TASK PROMPT
In the entries that follow, the line with "Albert Park is" opens the range and the line with "(二)创新服务模式,提升幸福" closes it; repeat that range exactly, both lines included.

SUPPLIED RECORDS

┄┄┄┄┄┄

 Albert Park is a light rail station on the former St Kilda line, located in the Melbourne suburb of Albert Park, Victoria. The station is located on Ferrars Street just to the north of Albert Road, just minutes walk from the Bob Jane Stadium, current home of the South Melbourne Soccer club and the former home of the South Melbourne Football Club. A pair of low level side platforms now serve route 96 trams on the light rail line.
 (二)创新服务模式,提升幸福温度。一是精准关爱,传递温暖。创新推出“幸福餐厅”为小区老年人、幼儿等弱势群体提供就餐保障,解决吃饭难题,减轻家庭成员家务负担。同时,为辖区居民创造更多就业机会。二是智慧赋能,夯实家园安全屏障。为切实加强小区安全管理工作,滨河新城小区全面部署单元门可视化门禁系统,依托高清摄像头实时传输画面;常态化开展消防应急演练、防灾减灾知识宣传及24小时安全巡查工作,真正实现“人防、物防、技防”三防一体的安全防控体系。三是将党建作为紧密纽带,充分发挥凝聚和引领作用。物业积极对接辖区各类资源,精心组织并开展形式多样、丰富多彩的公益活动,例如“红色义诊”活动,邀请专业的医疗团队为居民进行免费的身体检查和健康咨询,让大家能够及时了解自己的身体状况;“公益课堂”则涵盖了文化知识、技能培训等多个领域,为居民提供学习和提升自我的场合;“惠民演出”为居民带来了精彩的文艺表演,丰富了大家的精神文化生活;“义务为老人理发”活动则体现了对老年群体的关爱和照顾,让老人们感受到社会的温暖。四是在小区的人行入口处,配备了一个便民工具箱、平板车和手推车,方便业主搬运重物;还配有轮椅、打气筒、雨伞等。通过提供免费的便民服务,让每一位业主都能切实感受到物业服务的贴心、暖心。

┄┄┄┄┄┄

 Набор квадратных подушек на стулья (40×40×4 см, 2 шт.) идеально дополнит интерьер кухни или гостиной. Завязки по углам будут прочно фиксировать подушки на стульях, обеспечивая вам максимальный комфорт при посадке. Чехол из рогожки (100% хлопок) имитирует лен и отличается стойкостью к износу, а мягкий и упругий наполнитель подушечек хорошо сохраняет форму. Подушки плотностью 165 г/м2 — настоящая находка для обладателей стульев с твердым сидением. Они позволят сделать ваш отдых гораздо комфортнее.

┄┄┄┄┄┄

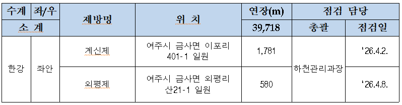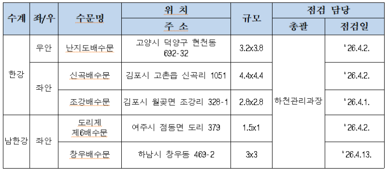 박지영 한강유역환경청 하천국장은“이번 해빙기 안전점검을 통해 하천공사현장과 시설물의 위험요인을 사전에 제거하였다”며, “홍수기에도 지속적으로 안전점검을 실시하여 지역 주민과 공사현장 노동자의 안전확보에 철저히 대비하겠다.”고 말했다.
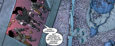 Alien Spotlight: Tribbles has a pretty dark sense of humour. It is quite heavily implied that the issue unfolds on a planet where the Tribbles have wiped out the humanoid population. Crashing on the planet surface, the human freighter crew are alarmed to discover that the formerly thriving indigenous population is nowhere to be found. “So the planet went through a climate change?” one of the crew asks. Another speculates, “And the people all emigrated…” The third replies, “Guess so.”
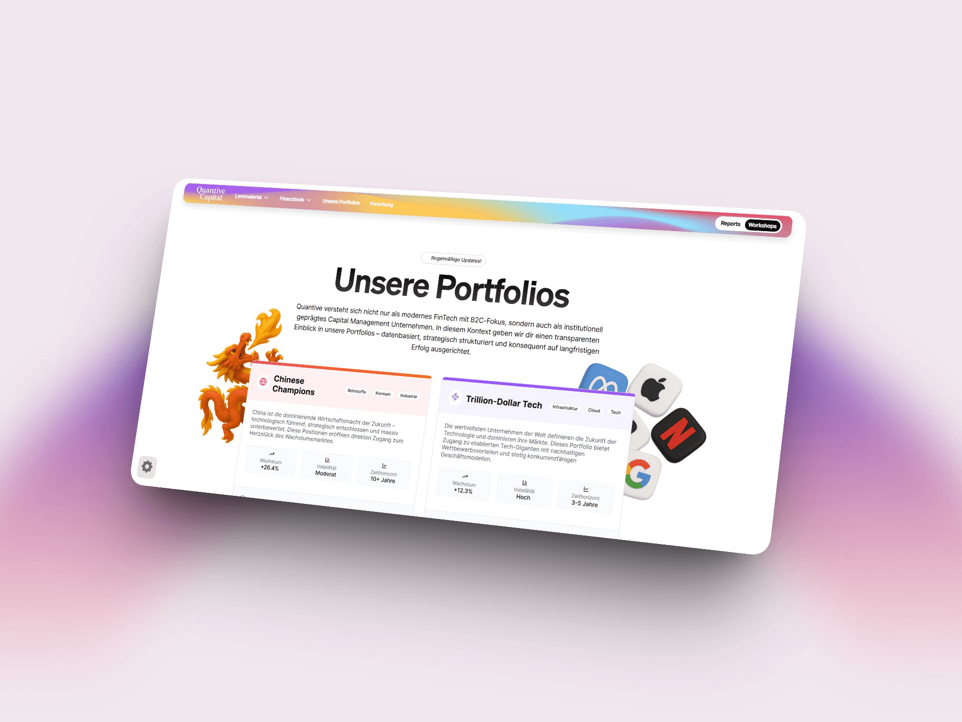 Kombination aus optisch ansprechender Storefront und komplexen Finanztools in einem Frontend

┄┄┄┄┄┄

WRITTEN RESPONSE
 Albert Park is a light rail station on the former St Kilda line, located in the Melbourne suburb of Albert Park, Victoria. The station is located on Ferrars Street just to the north of Albert Road, just minutes walk from the Bob Jane Stadium, current home of the South Melbourne Soccer club and the former home of the South Melbourne Football Club. A pair of low level side platforms now serve route 96 trams on the light rail line.
 (二)创新服务模式,提升幸福温度。一是精准关爱,传递温暖。创新推出“幸福餐厅”为小区老年人、幼儿等弱势群体提供就餐保障,解决吃饭难题,减轻家庭成员家务负担。同时,为辖区居民创造更多就业机会。二是智慧赋能,夯实家园安全屏障。为切实加强小区安全管理工作,滨河新城小区全面部署单元门可视化门禁系统,依托高清摄像头实时传输画面;常态化开展消防应急演练、防灾减灾知识宣传及24小时安全巡查工作,真正实现“人防、物防、技防”三防一体的安全防控体系。三是将党建作为紧密纽带,充分发挥凝聚和引领作用。物业积极对接辖区各类资源,精心组织并开展形式多样、丰富多彩的公益活动,例如“红色义诊”活动,邀请专业的医疗团队为居民进行免费的身体检查和健康咨询,让大家能够及时了解自己的身体状况;“公益课堂”则涵盖了文化知识、技能培训等多个领域,为居民提供学习和提升自我的场合;“惠民演出”为居民带来了精彩的文艺表演,丰富了大家的精神文化生活;“义务为老人理发”活动则体现了对老年群体的关爱和照顾,让老人们感受到社会的温暖。四是在小区的人行入口处,配备了一个便民工具箱、平板车和手推车,方便业主搬运重物;还配有轮椅、打气筒、雨伞等。通过提供免费的便民服务,让每一位业主都能切实感受到物业服务的贴心、暖心。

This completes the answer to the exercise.